I’ve already defended blanket skepticism about supposedly impending disasters. Here’s a neat essay by Max More defending a “Proactionary Principle” against the far more popular “Precautionary Principle.” Intro: “We can call this “the” Proactionary Principle so long as we realize that the underlying Principle is less like a sound bite than a set of nested Chinese boxes or Russian matroshka (babushka) dolls…” The best of the Russian dolls:
3. Triage: Give precedence to ameliorating known and proven threats to human health and environmental quality over acting against hypothetical risks.
4. Symmetrical treatment: Treat technological risks on the same basis as natural risks; avoid underweighting natural risks and overweighting human-technological risks. Fully account for the benefits of technological advances.

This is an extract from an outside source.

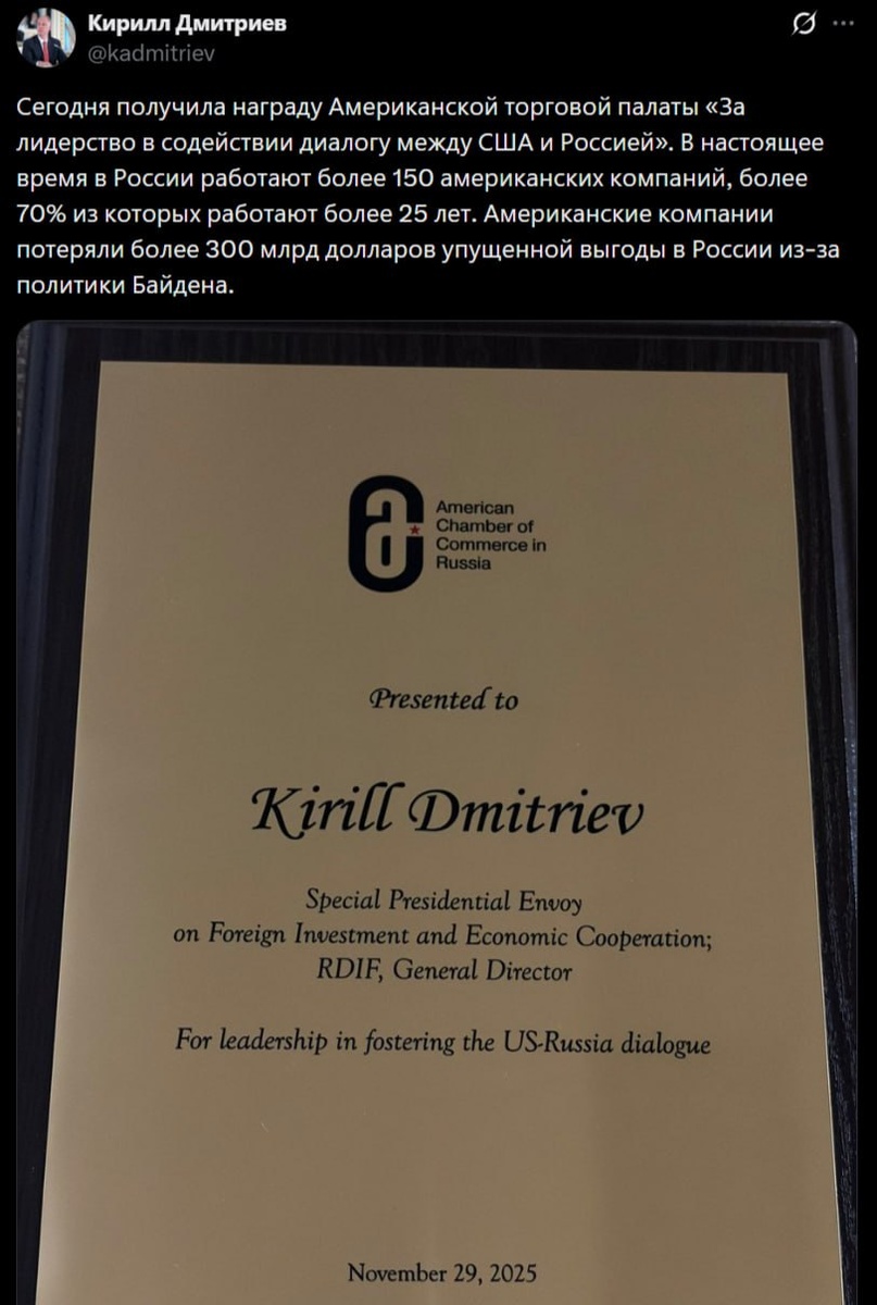 В ответ на пост Новость очень в тему моей публикации. МОСКВА, 30 ноя - РИА Новости. Глава РФПИ Кирилл Дмитриев сообщил, что получил награду от Торговой палаты США в России (AmCham) за "лидерство в укреплении диалога между США и Россией".

9. Prioritize (Prioritization): When choosing among measures to ameliorate unwanted side effects, prioritize decision criteria as follows: (a) Give priority to risks to human and other intelligent life over risks to other species; (b) give non-lethal threats to human health priority over threats limited to the environment (within reasonable limits); (c) give priority to immediate threats over distant threats; (d) prefer the measure with the highest expectation value by giving priority to more certain over less certain threats, and to irreversible or persistent impacts over transient impacts.
Underlying More’s whole discussion is a deep appreciation for the great economic concept of opportunity cost. The progress you don’t see because you didn’t allow change is as much a cost as the losses you do see because you did. It’s only because some places and times allowed drastic change that we can look back in time to 1000 A.D., or across the border at Third World countries, and realize how lucky we are that proaction prevailed over precaution.
READER COMMENTS
Steve
Feb 25 2007 at 5:08pm
The first plank of the Proactionary Principle is “Freedom to Innovate”. Recent evidence of tool making and tool use among chimpanzees in Senegal suggest that technology is a fundamental fiber in the fabric of humanity, and may even predate the existence of human kind. Asking people to forego technology is even more absurd than asking people to forego language.
conchis
Feb 25 2007 at 8:09pm
“(c) give priority to immediate threats over distant threats; (d) prefer the measure with the highest expectation value by giving priority to more certain over less certain threats, and to irreversible or persistent impacts over transient impacts.”
It’s kind of obvious, but for precision, you might want to add ceteris paribus. Otherwise the pithiness has the potential to be dangerously misleading.